Child care workers built movement to raise pay, include more families
By Kate Blackwood
In the early 1990s, labor activists responded, with some success, to the exploitation of waged child care workers by dissolving the usual labor divisions between workplace and home, employer and employee, and labor and love, according to a new account of the movement by Justine Modica, a Klarman Postdoctoral Fellow in history in the College of Arts and Sciences.
United by their close working relationships and their shared sense that society undervalues the work of caring for children, workers and center directors in the Worthy Wage movement strove to increase public funding of child care, ultimately making progress in organizing family child care centers, which are based in providers’ homes and funded largely by government stipends to low-income children.
Future efforts to fairly compensate child care workers will likely retain these redefined relationships between workers, bosses and families who receive care, Modica argues.
“Worthy Wages in the Emerald City: Worker- and Director-Led Childcare Movements in Seattle, 1984-2006” published May 1 in the journal Labor: Studies in Working-Class History.
“The Worthy Wage movement brought to a boil a child care labor crisis that had been simmering for decades,” Modica wrote. As the portion of women with children in the work force expanded from 20% in 1950 to about 70% in 1995, “a low-wage child care workforce expanded rapidly, as well.”
By 1990s, it was a true industry: From 1967 to 1990, the number of child care centers tripled nationwide, and the number of children served quadrupled. But child care labor remained poorly compensated, Modica said. In 1989, child care workers in Seattle earned an average of $5.21/hour, typically in small centers with fewer than 15 employees and thin profit margins. Fewer than a third of these workers had full health care benefits, more than 40% worked a second job, and more than 40% left the profession each year.
In the 1970s and 1980s, child care labor activists in Berkeley, California; Ann Arbor, Michigan; Madison, Wisconsin; and Seattle began collaborating to address the undercompensation of child care workers nationwide, forming the roots of the Worthy Wage movement, Modica said.
The initial goal of Worthy Wage activists was to raise public awareness – starting with parents – of the links between compensation and quality of care in hopes that voters would urge policymakers to expand public funding for child care.

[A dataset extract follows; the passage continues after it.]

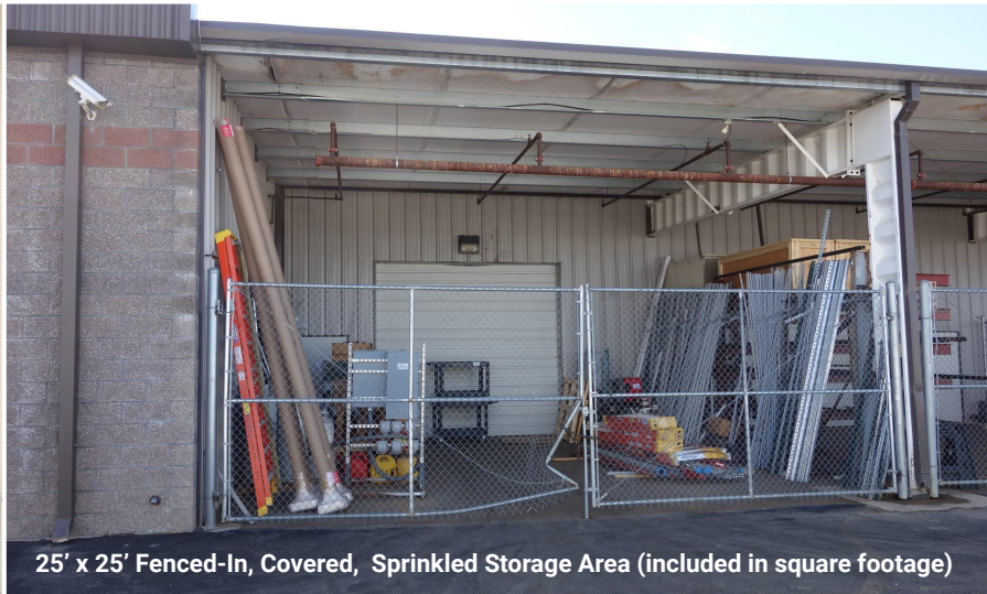
25' x 25' Fenced-In, Covered, Sprinkled Storage Area (included in square footage)

The movement used some creative tactics, such as a flyer sent home in kids’ backpacks in 1992 announcing a fee increase set to take effect on April 1 to “reflect more accurately our costs of providing care to your child.” The flyer was an April Fool’s bluff, but it included a serious awareness message: “If you thought that was scary, try working for $5.21/hour.”

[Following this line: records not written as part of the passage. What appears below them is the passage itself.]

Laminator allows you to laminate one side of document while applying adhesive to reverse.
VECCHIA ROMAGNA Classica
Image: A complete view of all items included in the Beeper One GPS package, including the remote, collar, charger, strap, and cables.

Worthy Wage activists also held rallies and walkouts in Seattle and other cities where child care workers marched alongside center directors and families for whom care was not being provided that day. Seattle was the first city to attempt a coordinated day of center closures.
“Initially, these closures were led by a group of progressive day care directors who had been meeting since 1984 to discuss their frustrations about being unable to offer workers wages that would keep them in the field,” Modica said.
By the mid-1990s, activists had achieved greater awareness of the industry’s poverty wages but had not improved the situation. In 1998, the movement entered an agreement with Service Employees International Union (SEIU) District 925. Called the Child Care Union Project, it was, Modica wrote, “not the first child care union in the country, but it was one of the most ambitious efforts to organize providers in centers that were not publicly funded and thus did not share a common employer.”
Eventually, 12 out of 243 Seattle child care centers organized, a few of which are still operating and organized.
A greater success came when SEIU District 925 turned its attention to family child care centers, which are based in providers’ homes. Funded largely by stipends to low-income children, in-home care centers were able to leverage this state-based income to bargain with the state.
“Future efforts to retain child care workers, stabilize the field and expand child care access for families will need to fully conceptualize the needs of workers and families as intertwined and symbiotic,” Modica said. “Not only can a state solution make child care more broadly available to families, but it can provide a common employer from whom child care workers may demand the wages and benefits that will make possible the long-term careers most workers desire.”
Kate Blackwood is a writer for the College of Arts and Sciences.